In Egypt, you can take wonderful boat rides on the Nile and admire the mighty crocodiles, but did you know that you may find similar creatures on the bottom of the Red Sea?
With its wide mouth, triangular head and flattened body, the crocodilefish’s resemblance to a crocodile is uncanny.
This bottom-dwelling fish relies on its strange body shape and coloration for camouflage, taking camouflaging to the next level, with special patches of skin that cover their eyes, providing them with ghost-like invisibility on the seafloor. They blend in perfectly, burying in the sand and ambushing their prey of crustaceans and small fish.
They usually grow from 40 to 50cm in length, but there are some majestic individuals that measure over 70cm.
Crocodilefish prefer shallow waters surrounding reefs, but can be seen in depths up to 50 meters.
The natural range of this species was limited to the Red Sea and most of the Western Indian Ocean until the construction of the Suez Canal in the late 19th century. This canal was built by Ferdinand de Lesseps to connect the Mediterranean and the Red Sea and shorten trading routes between Europe and Asia. The construction of the canal has brought numerous economic advantages to the region, but it has also brought environmental stress to the Mediterranean.
Red Sea species, such as the crocodilefish, have invaded the nutrient-rich waters of the Mediterranean and have significantly expanded their habitats at the expense of the native species. The migration of species is still happening, and marine scientists are referring to it as the Lessepsian migration, carrying on the legacy of the French diplomat who was responsible for the building of the canal.

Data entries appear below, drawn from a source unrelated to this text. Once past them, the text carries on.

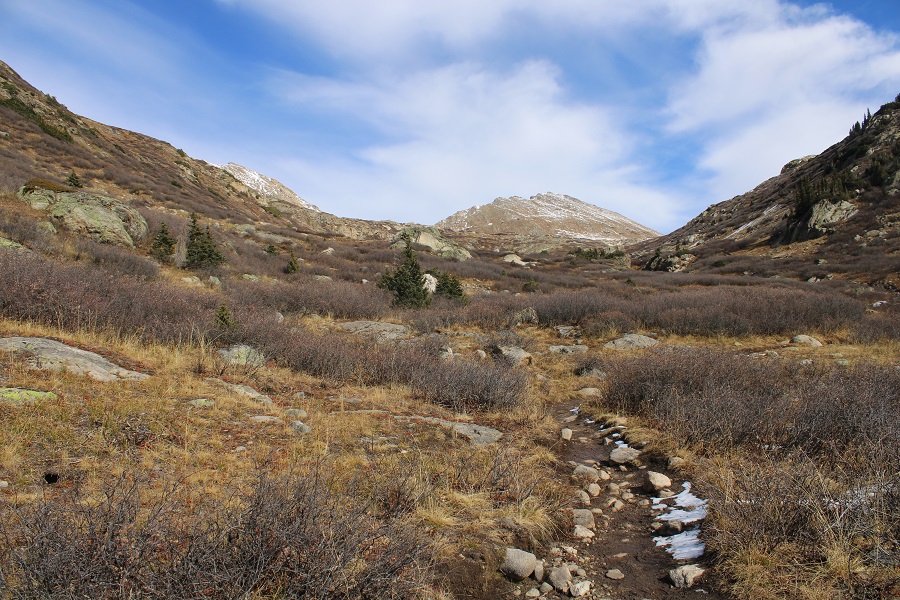 As I neared the back of the basin, I ascended by hugging a rock outcropping and drainage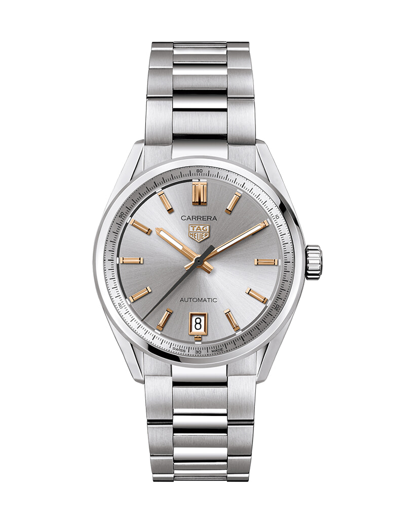 ラグスポウォッチの名作「カレラ」の誕生60周年を記念し、初代と同じケース径が登場。当時よりも華奢なブレスレットが腕元を彩る。「タグ・ホイヤー カレラデイト」(SS×RG、φ36mm、自動巻き)¥396,000/タグ・ホイヤー(LVMHウォッチ・ジュエリー ジャパン タグ・ホイヤー)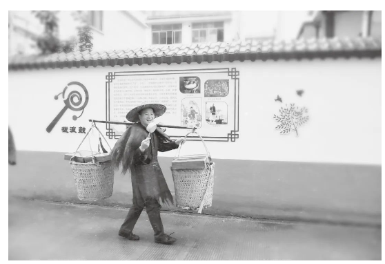 多年后,樓仲平再次拌上雞毛換糖貨郎擔(dān)裝扮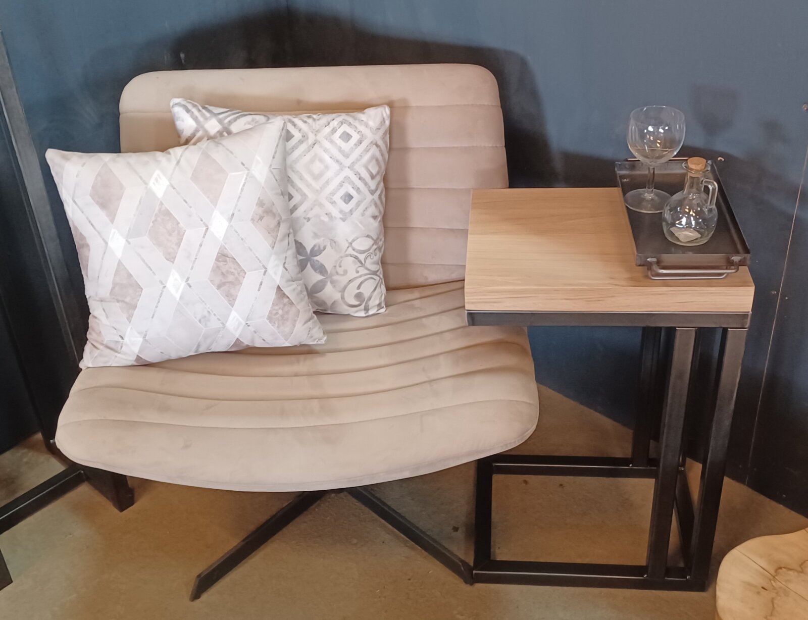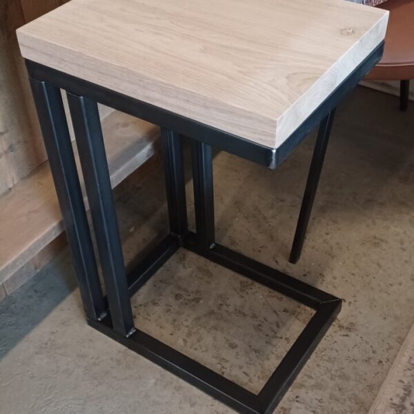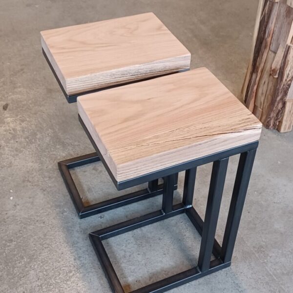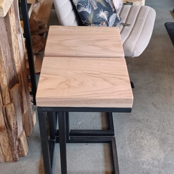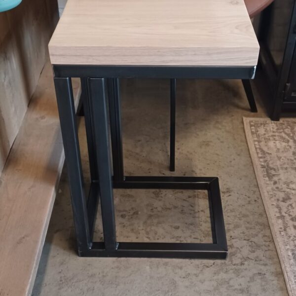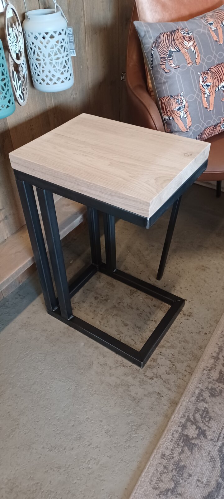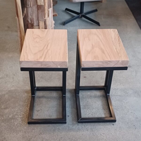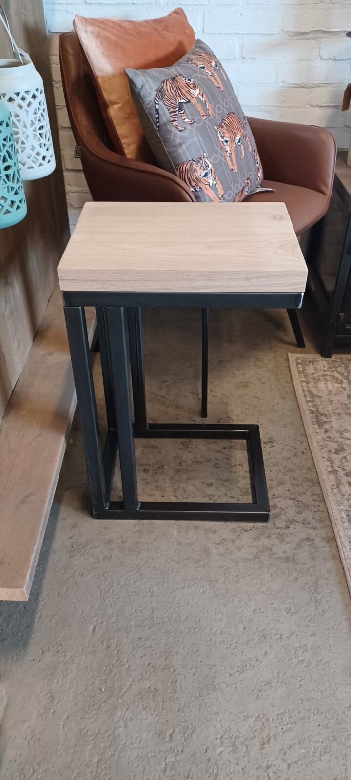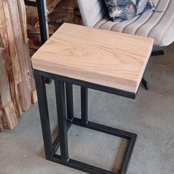 Bijzet banktafel van industrieel staal koker 3x3cm met een 4cm dik eiken blad. Afmetingen: 30x40x62cm (BxDxH). Het hout is behandeld met transparante lak.

Unlike land crocodiles, crocodilefish are harmless to humans, and divers can easily approach and photograph them as they are used to hiding in plain sight and are almost too confident with their camouflage. They are quite calm natured and won’t cause you any harm unless you have the misfortune of not seeing them hiding on the ocean floor and mistakenly step on the spines of their dorsal fins.